* **WHAT THE EXERCISE ASKS**
Repeat the listing exactly. The images do not belong in the copy.

* **SUPPLIED MATERIAL**
-=-=-=-=-
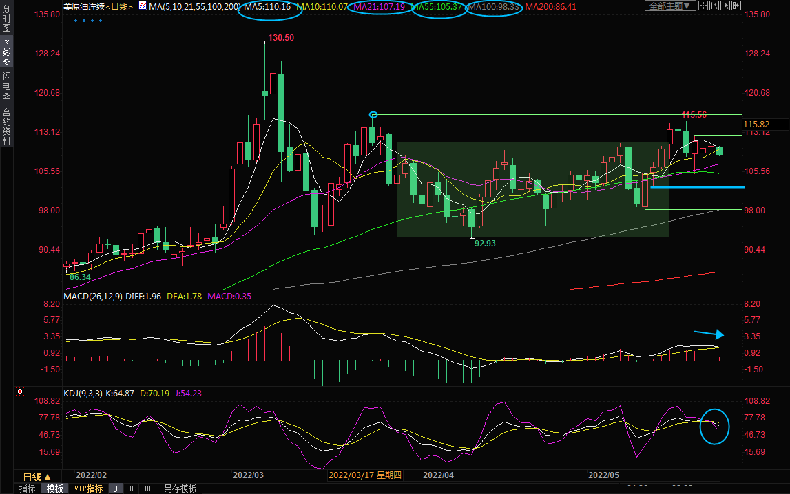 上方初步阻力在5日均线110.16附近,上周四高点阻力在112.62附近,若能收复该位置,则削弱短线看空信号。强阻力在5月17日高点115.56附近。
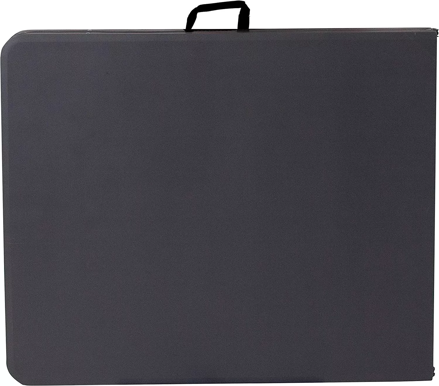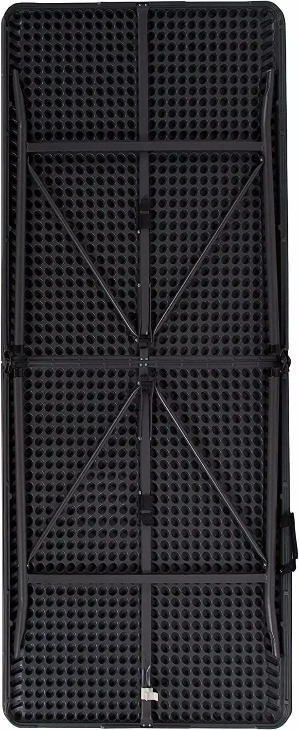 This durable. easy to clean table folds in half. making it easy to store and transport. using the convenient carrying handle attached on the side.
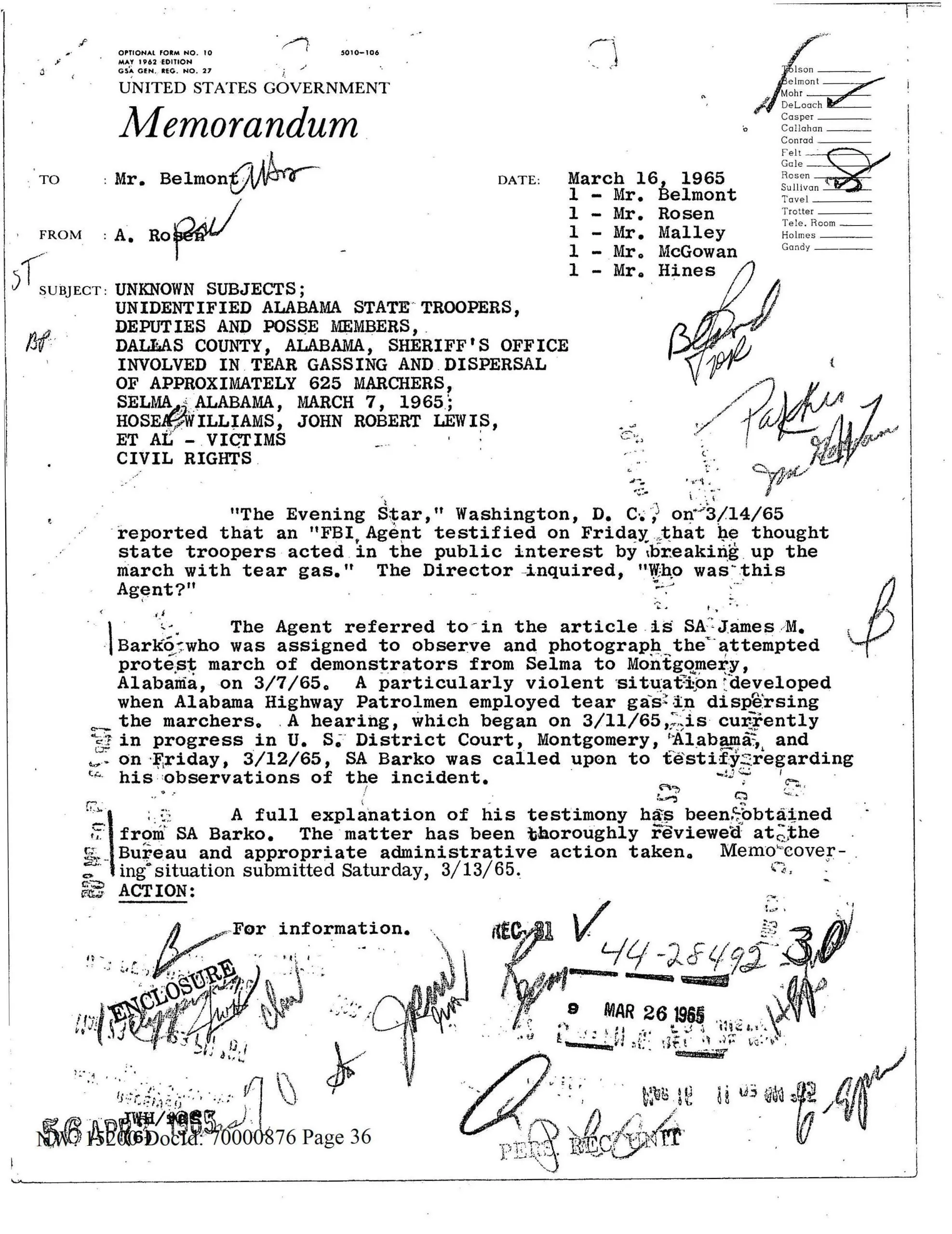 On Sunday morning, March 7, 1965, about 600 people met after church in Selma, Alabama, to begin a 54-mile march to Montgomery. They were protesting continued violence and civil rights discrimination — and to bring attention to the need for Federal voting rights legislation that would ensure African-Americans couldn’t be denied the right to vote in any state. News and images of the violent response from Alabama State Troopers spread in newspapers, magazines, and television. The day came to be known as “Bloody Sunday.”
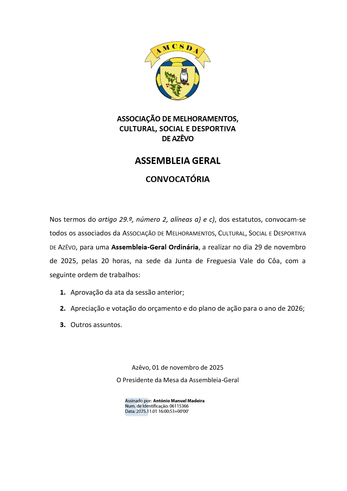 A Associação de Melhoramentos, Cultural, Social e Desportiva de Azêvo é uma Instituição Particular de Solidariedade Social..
-=-=-=-=-
* **SOLUTION TO THE EXERCISE**
 上方初步阻力在5日均线110.16附近,上周四高点阻力在112.62附近,若能收复该位置,则削弱短线看空信号。强阻力在5月17日高点115.56附近。
 This durable. easy to clean table folds in half. making it easy to store and transport. using the convenient carrying handle attached on the side.
 On Sunday morning, March 7, 1965, about 600 people met after church in Selma, Alabama, to begin a 54-mile march to Montgomery. They were protesting continued violence and civil rights discrimination — and to bring attention to the need for Federal voting rights legislation that would ensure African-Americans couldn’t be denied the right to vote in any state. News and images of the violent response from Alabama State Troopers spread in newspapers, magazines, and television. The day came to be known as “Bloody Sunday.”
 A Associação de Melhoramentos, Cultural, Social e Desportiva de Azêvo é uma Instituição Particular de Solidariedade Social..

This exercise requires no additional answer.